A Manifesto for Young Women by Janet Street Porter. Some thoughts.

In today’s Daily Mail, Janet Street-Porter has written a great article outlining her ‘manifesto for young women’, which ends by saying that young women need to believe in themselves. She has some excellent advice, including ‘work like hell at school’, ‘hold your head high’, ‘set your goals’, ‘swap telly trash and internet twaddle for books, exhibitions and live events’. And she reminds us of the evidence from a recent survey that young people today have similar values to those of their parents, valuing marriage and children above wealth and possessions. This is all tremendously encouraging, and I agree with her – our young people are full of natural good sense and have immense potential to lead good lives and to make a hugely positive impact on the world.

I do wish, though, that she wouldn’t dismiss so readily the pervasive influence of the two aspects of modern society about which I have spoken out this week – our focus on a celebrity culture, and the prevalence of sexualised images which effectively objectify women. These aspects form, overwhelmingly, the backdrop to the lives of young people; they linger at every corner, on practically every magazine cover, and young people are bombarded by them online. Celebrities make the news, and images of semi-naked women, posing provocatively, have become so commonplace that we take them completely for granted. They have entered the mainstream, and we are surprised – and not a little put out and critical – when women in the public eye do not conform. (Witness the furore when Hillary Clinton, on a recent visit to Bangladesh, led meetings without make-up, and with her hair simply scraped back.)

The effect of this backdrop is pernicious, and mitigates against the very messages that Miss Street-Porter is communicating. She is quite right – young people do need to believe in themselves now more than ever. But this is hard to do when you are being asked to measure yourself constantly – consciously and subconsciously – against images of female ‘perfection’. Jo Swinson’s Parliamentary Report on Body Confidence, published at the end of May, and which regrettably did not achieve nearly as much media coverage as my comments last week on that one symbolic photo of Kim Kardashian on the front of Zoo magazine, revealed that half of the public suffer from negative body image. The Report pointed out that girls as young as five now worry about their size and appearance, half of girls and one quarter of boys believe their peers have body image problems, and appearance is the largest cause of bullying in schools. It reported that media (43.5%), advertising (16.8%) and celebrity culture (12.5%) together account for almost three quarters of the influence on body image in society, yet the ‘ideal body’ that they typically present is estimated to not be physically achievable by nearly 95% of the population.

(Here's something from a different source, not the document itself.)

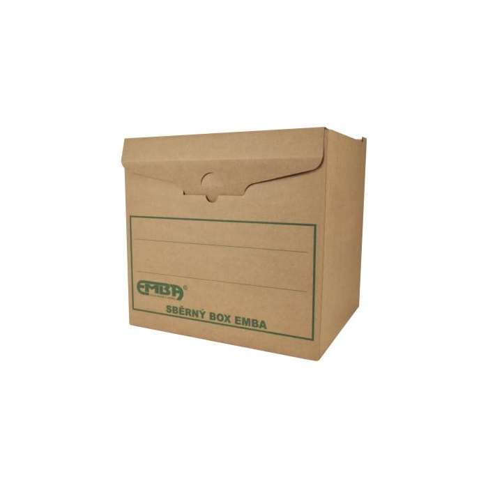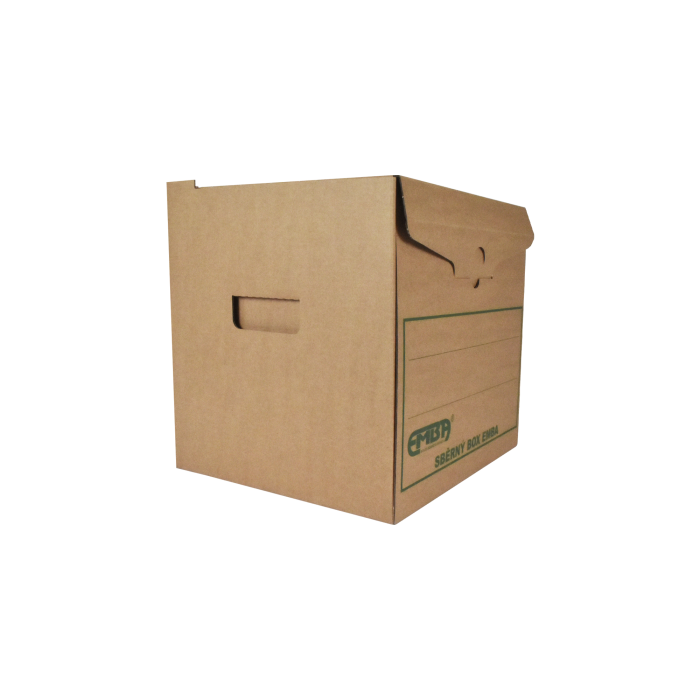 Box na uskladnenie 4 zakladačov so šírkou chrbta 7,5 - 8 cm. Vyrobený z kvalitnej trojvrstvovej vlnitej lepenky H/ H so zelenou potlačou. Konštrukcia boxu je spevnená zosilnením bočných stien. Umožňuje uloženie 4 skupinových boxov na seba, čím nahrádza kovový regál na miestach, kde ho z priestorového hľadiska nie je vhodné umiestniť.

It is commonsense that girls – and boys – who worry about their body image, who feel inadequate, and who lack self-confidence as a result, are not in a position to believe in themselves as they could be. They have a major psychological hurdle to overcome, and this is a hurdle which as a society we are not tackling sufficiently strongly, despite the clear and unequivocal messages of last year’s Bailey Report and a growing unease amongst parents and educators about the effect of our laissez-faire approach to the images that our young people encounter. People in the public eye – ‘celebrities’ of every ilk – have a responsibility to make sure that they are helping young people become truly themselves, and it is not good enough simply to point to their admirable financial astuteness to excuse the overall effect of their actions.

We have an opportunity to do something about the oppressive weight of this culture on our young people. We all need to step up to the mark.